The variants worth knowing

You don't need them all in your head. These are the ones that come up:

Variant What it does Tradeoff
External draft model Separate small model proposes tokens Straightforward, but another model to serve
Medusa Extra prediction heads on top of the target model itself Better distribution alignment, needs training
Speculative Streaming Target model uses its own attention signals to speculate No separate model, gains vary by task
Mirror Speculative Decoding Handles vocabulary mismatch between draft and target Useful when pairing models from different families

Apple's Speculative Streaming paper and Mirror Speculative Decoding are worth reading if you're evaluating the last two. The BentoML 3x speedup guide covers practical setup for the external draft model approach.

[SCREENSHOT: BentoML blog post at bentoml.com/blog/3x-faster-llm-inference-with-speculative-decoding - the draft model comparison chart]

When to use it and when not to

Use it when: - You're serving interactive, latency-sensitive workloads at low-to-medium concurrency. Chat, coding assistants, anything where a human is waiting on each response. - Your outputs are predictable. Code, structured data, templated responses. - You care about inter-token latency, not just throughput. Speculative decoding reduces sequential forward passes per response. For more on why that distinction matters, my post on time to first token covers it.

Skip it when: - You're running high-throughput batch inference. If the GPU is already fully utilized serving many requests, the draft model adds compute overhead without buying back anything. The memory-bound argument breaks down when you're already saturating the GPU. - Your acceptance rate will be low. Creative generation, multilingual workloads, domain-specific models with unusual distributions. - Memory is tight. Draft model plus target model on the same GPU means less room for KV cache, which can force smaller batch sizes and erase the gain.

Questions

Does speculative decoding change output quality?

No, in the standard rejection-sampling approach. The algorithm is mathematically equivalent to sampling directly from the target model. Some faster variants relax that guarantee, so check what your inference stack actually implements.

How do I pick a draft model?

A purpose-built speculator trained to mimic the target model's distribution is best. A smaller model from the same family is a solid second choice. A generic small model from a different family is the weakest option. It'll have low acceptance rate unless the task is very predictable. Medusa is worth it if you can afford the training investment.

Does it play nicely with quantization?

Yes, but the gains can shrink. Quantization already reduces memory pressure, which is the same problem speculative decoding solves. They're not redundant, but the upside from adding speculative decoding on top of a quantized model is smaller than adding it to a full-precision model. The 2025 test-time scaling benchmark includes numbers across configurations.

Is it worth setting up if you're a small team?

If you're calling a hosted API, this is the provider's problem.
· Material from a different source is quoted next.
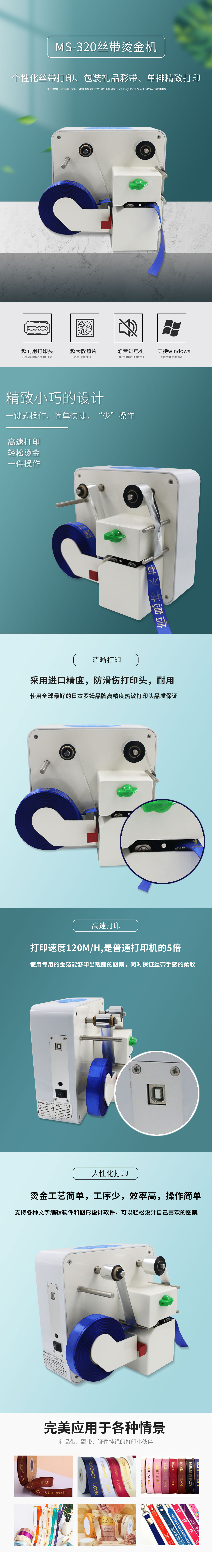 美松全自動(dòng)絲印機(jī) 1.機(jī)器體積小巧,美觀(桌面擺設(shè)) 2.速度快(是普通打印機(jī)的5倍) 3.在絲帶上打印精美的圖案,文字,標(biāo)志 4.使用專用的金箔能夠印出靚麗的圖案,同時(shí)保證絲帶手感的柔軟 5.支持各種文字編輯軟件和圖形設(shè)計(jì)軟件,自定義打印商標(biāo)和文字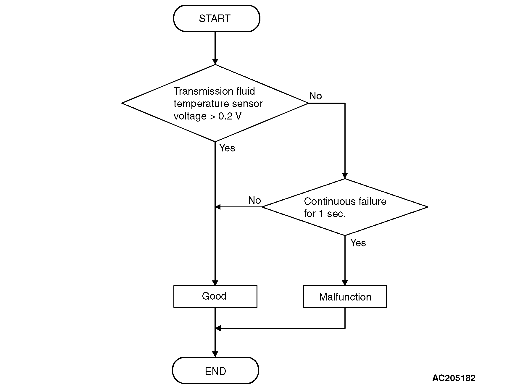 If transmission fluid temperature equals or exceeds specified value, PCM judges that transmission fluid temperature sensor has a failure.

If you're running your own stack (vLLM, TGI, or similar), speculative decoding support is increasingly standard and worth enabling for latency-sensitive workloads. The BentoML inference handbook is a good practical starting point.

What's a realistic speedup to expect?

With a well-matched draft model on code or math tasks, 2-3x is realistic. On more open-ended workloads, expect 1.3-1.8x. Measure on your actual workload before planning anything around published numbers.